> **Required action**:
Retype only what runs from the first line of the listing to the line holding "O prefeito Gervázio", both included. Do not retype the pictures.
***
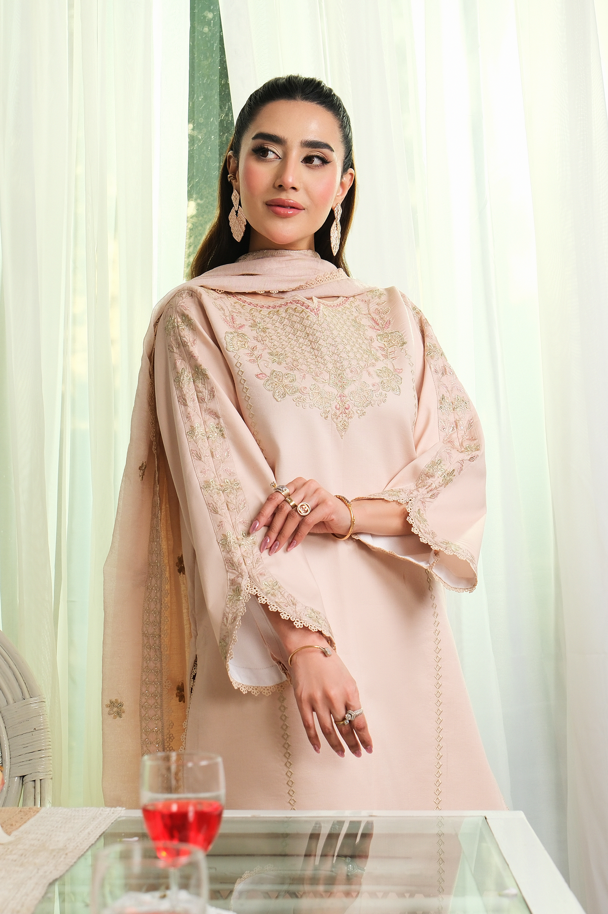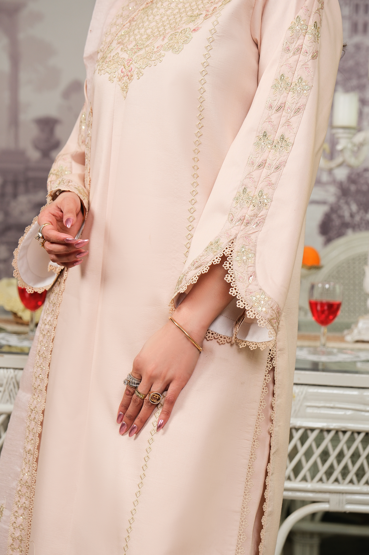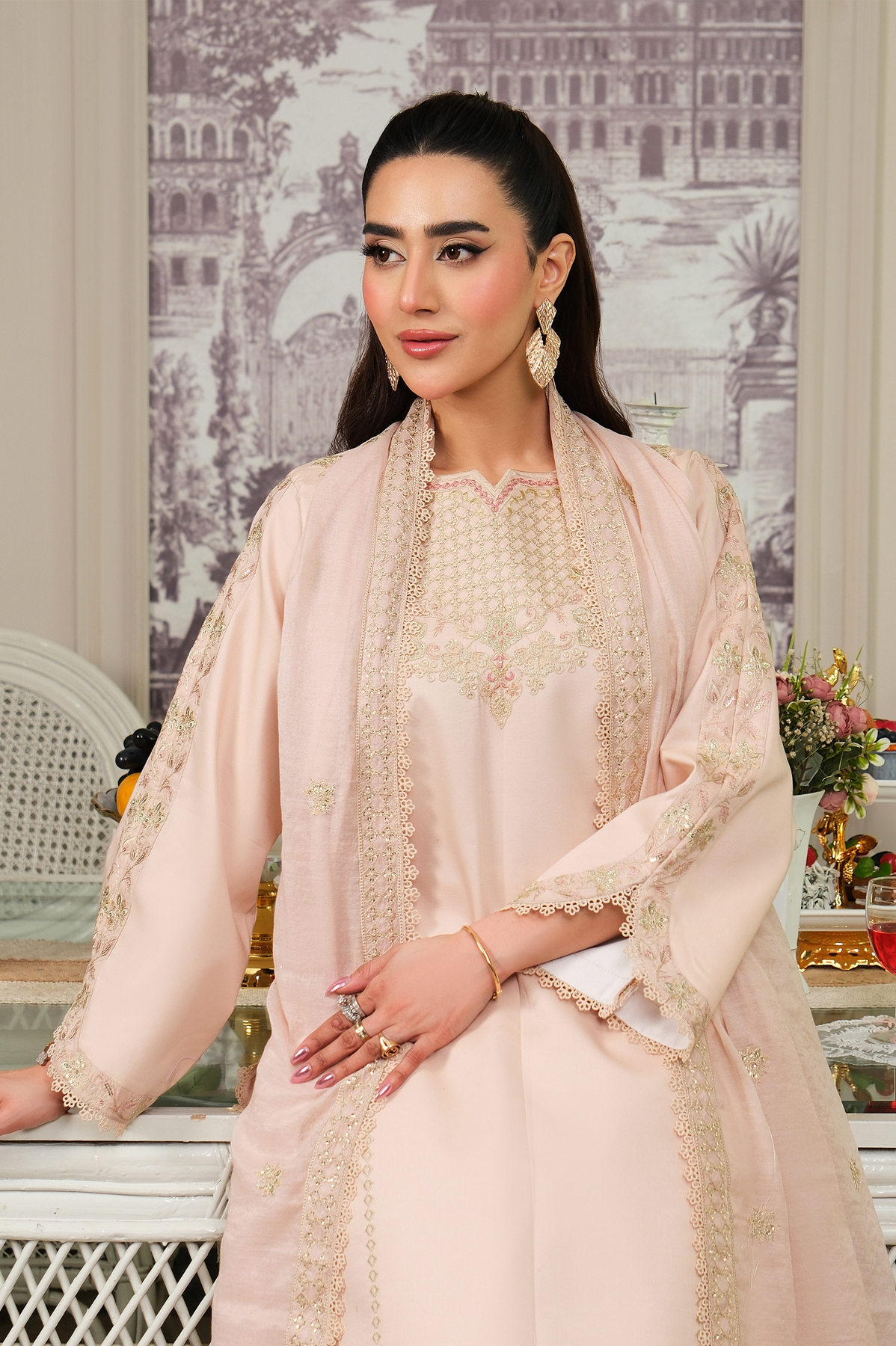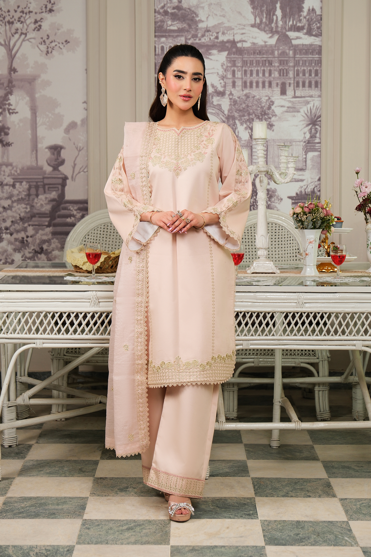 Introducing a soft peach 3-piece ready-to-wear ensemble, designed with feminine elegance and refined detailing. The straight-cut shirt features intricate embroidery along the neckline and front, enhanced with delicate sequin accents for a subtle touch of shimmer. Embroidered sleeves and hem add depth while maintaining a balanced, polished look.
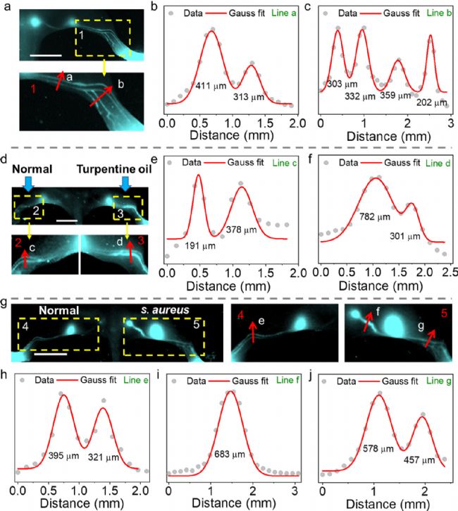 為了進(jìn)一步展示BM3的生物醫(yī)學(xué)應(yīng)用潛力,利用松節(jié)油和金黃色葡萄球菌感染構(gòu)建了兩種淋巴炎癥模型,并研究了淋巴系統(tǒng)的變化。不同的刺激導(dǎo)致淋巴系統(tǒng)發(fā)生不同的改變。在松節(jié)油刺激組中,淋巴結(jié)顯示腫脹,兩條平行的傳入淋巴管表現(xiàn)出明顯的增厚(圖9d)。兩條傳入淋巴管的fwhm(圖9e、f)分別為782 μm和301 μm,比對(duì)照組(378 μm和191 μm)寬得多(約2倍)。另一方面,金黃色葡萄球菌感染組在淋巴系統(tǒng)中誘導(dǎo)了更強(qiáng)的炎癥反應(yīng)。從圖9g中可以明顯看出,傳入和傳出淋巴管均腫脹增厚,約為正常組的1.5倍。感染組兩條傳入淋巴管的fwhm分別為578 μm和457 μm(圖9j),而對(duì)照組分別為395 μm和321 μm(圖9h)。此外,兩個(gè)淋巴結(jié)的體積顯著增大,同時(shí)熒光增強(qiáng),腫脹至正常組的約3倍(圖9i)。統(tǒng)計(jì)比較顯示,金黃色葡萄球菌感染使淋巴管相對(duì)于對(duì)照組擴(kuò)張約1.8倍。這些發(fā)現(xiàn)標(biāo)志著NIR-II熒光成像向前邁出了重要一步。這是首個(gè)能夠?qū)崿F(xiàn)由化學(xué)和細(xì)菌刺激誘導(dǎo)的炎癥淋巴網(wǎng)絡(luò)如此高分辨率成像的NIR-II熒光染料,揭示了兩種模型之間不同的病理生理模式。
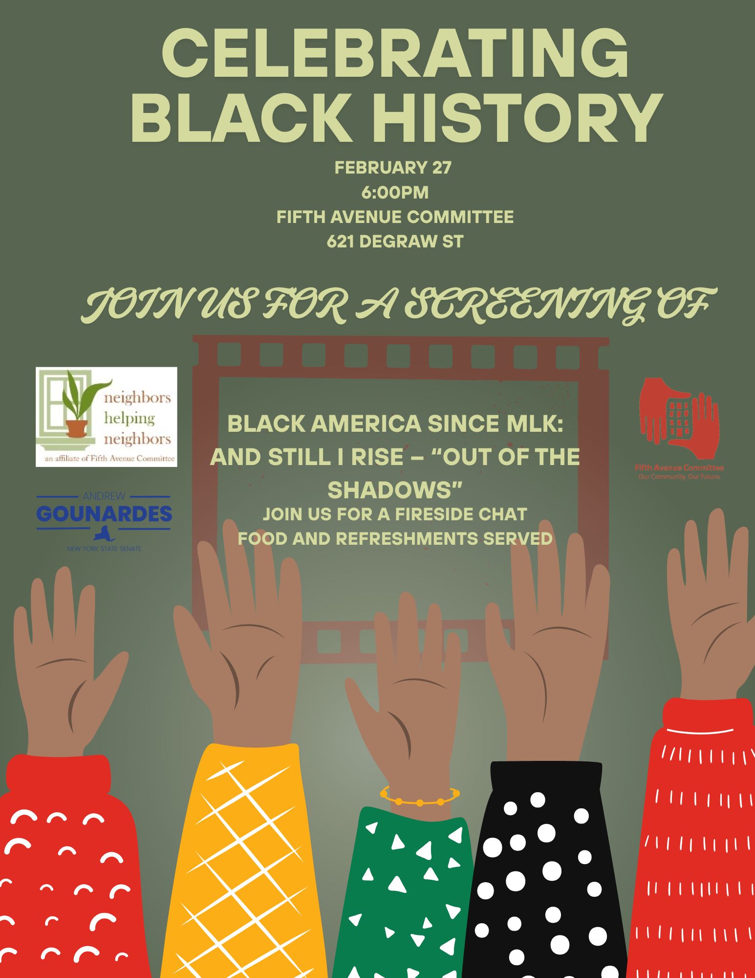Join my office and Fifth Avenue Committee next week for a screening of “Out of the Shadows,” the first part of Dr. Henry Louis Gates’ documentary series, “Black America Since MLK: And Still I Rise."
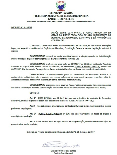 O prefeito Gervázio Gomes (PSB) decretou luto oficial por três dias e ponto facultativo para todos os órgãos municipais nessa quinta-feira.
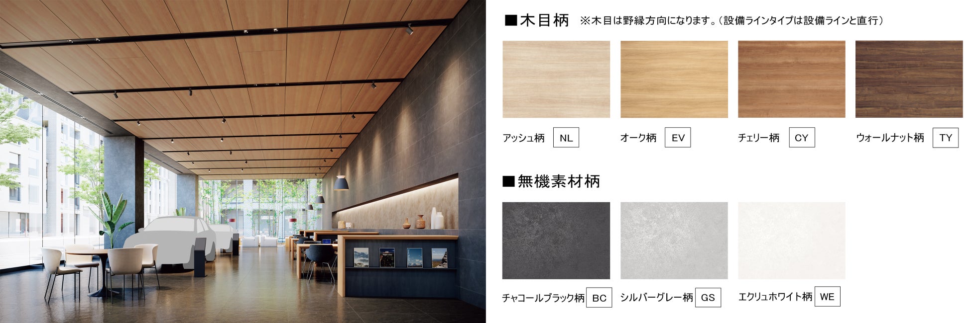 「エアリライト」は新開発の異素材複層成形技術で、ガラス繊維シートとアルミ箔をラミネートした表層材と軽量素材の発泡ウレタン樹脂をコア材とした天井質量2 kg/平米以下を実現した不燃軽量天井材です。設計性、施工性に優れた従来からの特長に加えて、2022年10月には設備機器を組み込むライン状の部位とパネル部位を組み合わせた「設備ラインタイプ」を追加。天井パネルには、要望の多かった木目柄を4柄と無機素材柄3柄を追加ラインアップ。また現場塗装仕上げが可能な専用の不燃塗料(標準色36色、特注では420色)を用意。これまでよりも空間の意匠性を高める提案ができるようになりました。
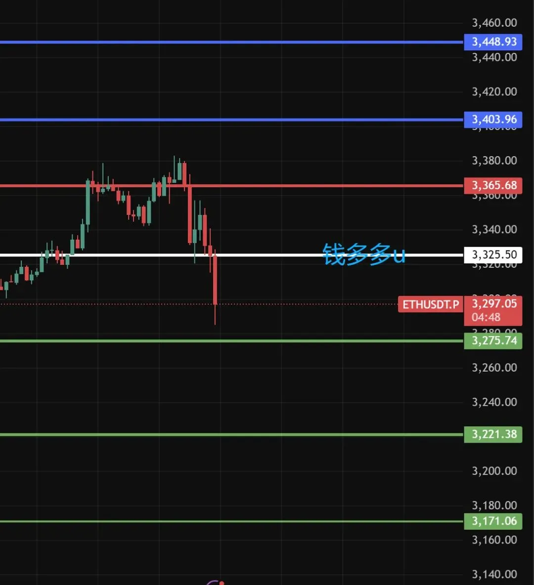 以太夜间站稳3325看压力3366/3403/3446防守3470.回踩支撑接多3276/3222/3171防守3150.
***
> **Task answer**:
 Introducing a soft peach 3-piece ready-to-wear ensemble, designed with feminine elegance and refined detailing. The straight-cut shirt features intricate embroidery along the neckline and front, enhanced with delicate sequin accents for a subtle touch of shimmer. Embroidered sleeves and hem add depth while maintaining a balanced, polished look.
 為了進(jìn)一步展示BM3的生物醫(yī)學(xué)應(yīng)用潛力,利用松節(jié)油和金黃色葡萄球菌感染構(gòu)建了兩種淋巴炎癥模型,并研究了淋巴系統(tǒng)的變化。不同的刺激導(dǎo)致淋巴系統(tǒng)發(fā)生不同的改變。在松節(jié)油刺激組中,淋巴結(jié)顯示腫脹,兩條平行的傳入淋巴管表現(xiàn)出明顯的增厚(圖9d)。兩條傳入淋巴管的fwhm(圖9e、f)分別為782 μm和301 μm,比對(duì)照組(378 μm和191 μm)寬得多(約2倍)。另一方面,金黃色葡萄球菌感染組在淋巴系統(tǒng)中誘導(dǎo)了更強(qiáng)的炎癥反應(yīng)。從圖9g中可以明顯看出,傳入和傳出淋巴管均腫脹增厚,約為正常組的1.5倍。感染組兩條傳入淋巴管的fwhm分別為578 μm和457 μm(圖9j),而對(duì)照組分別為395 μm和321 μm(圖9h)。此外,兩個(gè)淋巴結(jié)的體積顯著增大,同時(shí)熒光增強(qiáng),腫脹至正常組的約3倍(圖9i)。統(tǒng)計(jì)比較顯示,金黃色葡萄球菌感染使淋巴管相對(duì)于對(duì)照組擴(kuò)張約1.8倍。這些發(fā)現(xiàn)標(biāo)志著NIR-II熒光成像向前邁出了重要一步。這是首個(gè)能夠?qū)崿F(xiàn)由化學(xué)和細(xì)菌刺激誘導(dǎo)的炎癥淋巴網(wǎng)絡(luò)如此高分辨率成像的NIR-II熒光染料,揭示了兩種模型之間不同的病理生理模式。
Join my office and Fifth Avenue Committee next week for a screening of “Out of the Shadows,” the first part of Dr. Henry Louis Gates’ documentary series, “Black America Since MLK: And Still I Rise."
 O prefeito Gervázio Gomes (PSB) decretou luto oficial por três dias e ponto facultativo para todos os órgãos municipais nessa quinta-feira.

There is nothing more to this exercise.